When requesting entries from a feed of which some entries are already available, it would be nice to compactly encode that information and attach it to the request, so that no superflous data is sent. In general it is not necessary to encode all available entries, it is sufficient to encode all (or most) entries that are part of the certificate pools of the requested data. This can be done by transmitting numbers and specifying what kind of function to apply to those numbers to yield a set of sequence numbers that do not need to be transmitted. Those functions would be very similiar to the computation of certificate pools in the first place. I haven't designed a concrete set of functions to use, but I'm confident that this approach works and allows describing large feed subsets in very little space (which is possible because we don't need to encode arbitrary subsets of the numbers between 0 and 2^64 but rather subsequences of certificate pools, of which there are far fewer).
Aside from not transmitting entries in the first place, there's also the option of transmitting only parts of the entries and letting the client reconstruct them. This is possible to different degrees for different requests, some opportunities:

if the client knows the sequence numbers it will receive, they can be completely omitted
backlinks to entries the client already stores (or that have been sent previously as part of the answer to the request) can be omitted

this is another reason why it is valuable for a client to compactly tell the server about entries it already has


payload hashes can be omitted if the payload itself is also transferred
since most (or even all) entries should begin with a zero tag, the tag can frequently be omitted as well
signatures can never be omitted

Some of these omissions require more computational effort to reconstruct than others, so clients should be able to specify which omissions they expects.
It might make sense to distinguish between sending verified and unverified entries. Somewhat related, peers might want to track the quality of service provided by other peers (amount of data sent, latencies, amount of invalid data). They could use this information to deprioritize connections, and it might also be a possibility to extend the topology layer and the pss with this information to propagate information about low-quality peers. Then again, this discriminates against resource constrained peers. Generosity and solidarity may be better reactions than shunning and sanctioning.
Leyline-specific replication

Beyond the sequence number based replication of leyline-core, leyline might provide additional information (comparable to e.g. the "type" or "timestamp" attributes of ssb messages). These will be chosen in a way that leads to compact representation of content-based partial requests (like "All entries of type foo"). It should be possible to combine them with the leyline-core based requests (e.g. "The 20 newest entries of type foo").
Some sketches of possible things that could be used for filtering:

claimed timestamp (not sure whether timestamps should make it into leyline, and if they do, they'll be optional)
type (conceptually, the type could be a list of integers (remember that the set of utf8 strings is a subset of the set of integers), e.g. ["githubclone", "issue", "comment"], and you could request "Every type whose first entry is 'githubclone'", or "Every type whose first entry is 'githubclone' and whose second entry is 'issue'", and so on. Or even "Every type whose first entry is lexicographically sorted between 'github' and 'gitfoo'".)
topics (unique identifiers, each message could specify any number of topics it belongs to)
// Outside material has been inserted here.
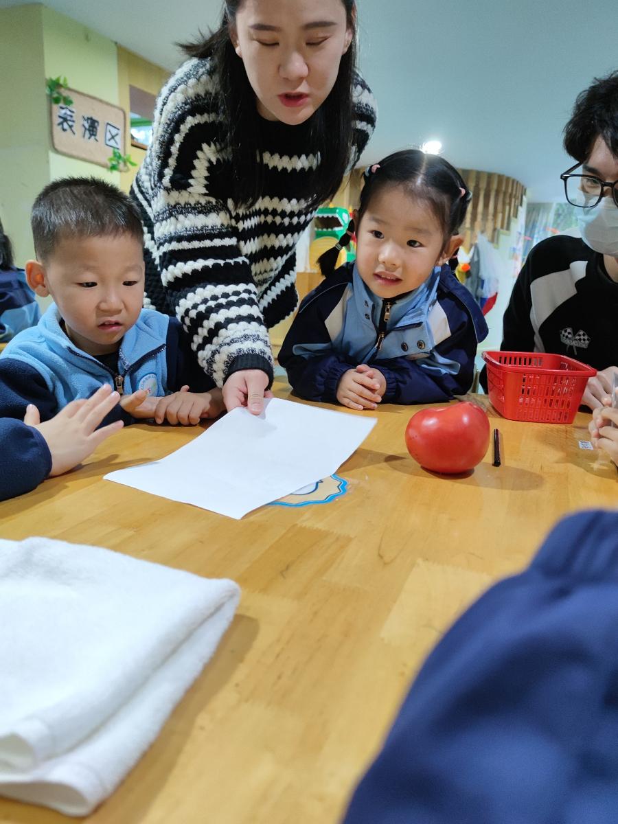 此次教研活动分三阶段开展。活动第一阶段,由学本21级马梓叶同学在桐华幼儿园中二班开展了以“流血的西红柿”为课程题目的健康领域教学活动,该领域活动旨在帮助幼儿从科学角度入手认识危险物品,实现自我保护;

More abstractly, partial requests could be viewed as (unions of) ranges over a totally ordered (and possibly dense) universe. Note that this is totally stolen from SUB-2-SUB and it might even make sense to reuse its topology construction.
With these ranges over some universe, it might be possible that a peer can provide entries from a subrange but not the full range. Depending on how leyline will define the universe this might lead to tricky situations where the client doesn't know whether the subranges it got add up to the full range. This knowledge however is necessary to yield the data to the application layer. This might mean that peers should only answer a range request if they indeed have all data in that range. On the other hand, it feels unintuitive to not send data the client wants.
Another relevant aspect here: Is it possible to tell a peer that you request some range but already have all the data from a certain subrange, so that this data isn't sent redundantly? In some cases this might be achieved by splitting the range into multiple subranges that do not include over the subranges already available. Defining the universe in a way that this is always possible could be difficult, also this results in larger overhead in the encoding of this information. It seems like a lot of these decisions will come down to finding a compromise between sufficiently expressive filter criteria and efficiently encodable filter criteria. This will be fun.
This kind of information will not only be used for requests, but will also make up large parts of the VICINITY profiles. Since those are of limited size, a peer likely can not include encodings of all its subscriptions. Instead, the peer will need to decide on subsets (whether heuristically or randomly is of course up to the implementation and can't be prescribed). A peer could even initiate replication based on a VICINITY profile, saving round trips (though this violates the layering of these abstractions). It might be advantagous for both the peer and the overall network topology to send different such profiles to different peers.
Another interesting decision regarding the vicinity profile is whether to include the newest sequence number matching the subscription that the peer already has (note that this is another thing that becomes more complicated if partial responses are allowed). This could indicate to other peers whether they would actually benefit from exchanging information. If you receive a profile that indicates that the peer has newer entries for something you are interested in, that's a strong incentive to start replicating with that peer. If the profile is at the same state as your own data, then replication becomes uninteresting (but still the overall topology quality likely increases if you keep the connection). If the peer is not up to date, there's little incentive for a selfish peer to start replicating, but replication is clearly beneficial from a global point of view (and again, the quality of the topology rises). So in some sense, there's no clear value in adding the newest sequence data, but on the other hand it's very cheap and it might prove useful to resource-constrained peers.
Leyline-core supports partial log subscription (unlike ssb), so it makes sense that this section explores how to leverage this. But in some sense, partial subscriptions are rather selfish. Instead of donating your resources to replicate a fellow human's data, you only replicate the bare minimum you need for yourself. Then again, for resource-constrained peers this might be the only sensible option to participate in the network. Full subscription can be seen and implemented as a special case of partial subscription, but there are actually some mechanisms that can make full subscriptions more efficient than partial subscriptions, namely data structures for approximate member queries (AMQs) such as bloom filters or quotient filters. All fully subscribed logs can be put into an AMQ and then be sent to a peer, which is much more efficient than an uncompressed encoding (this is especially useful for space-constrained VICINITY profiles). The peer can then respond with the newest sequence number for all feeds in the AMQ that it is interested in. This results in negligible cost for false positives.
AMQs are not suitable for range queries, since the receiver can't possibly check for all subranges of the ranges it serves whether they are in the AMQ. Even for range queries, AMQs can still be used to trade bandwidth for latency: First send an AMQ containing all relevant logs, wait for a response indicating which of those AMQs the other peers has, then send only the range queries regarding these logs.
If there exists a probabilistic, space-saving set representation that preserves the hierarchical containment relation of ranges over a universe, then this would be useful for leyline. Unfortunately I'm not aware of any such data structure.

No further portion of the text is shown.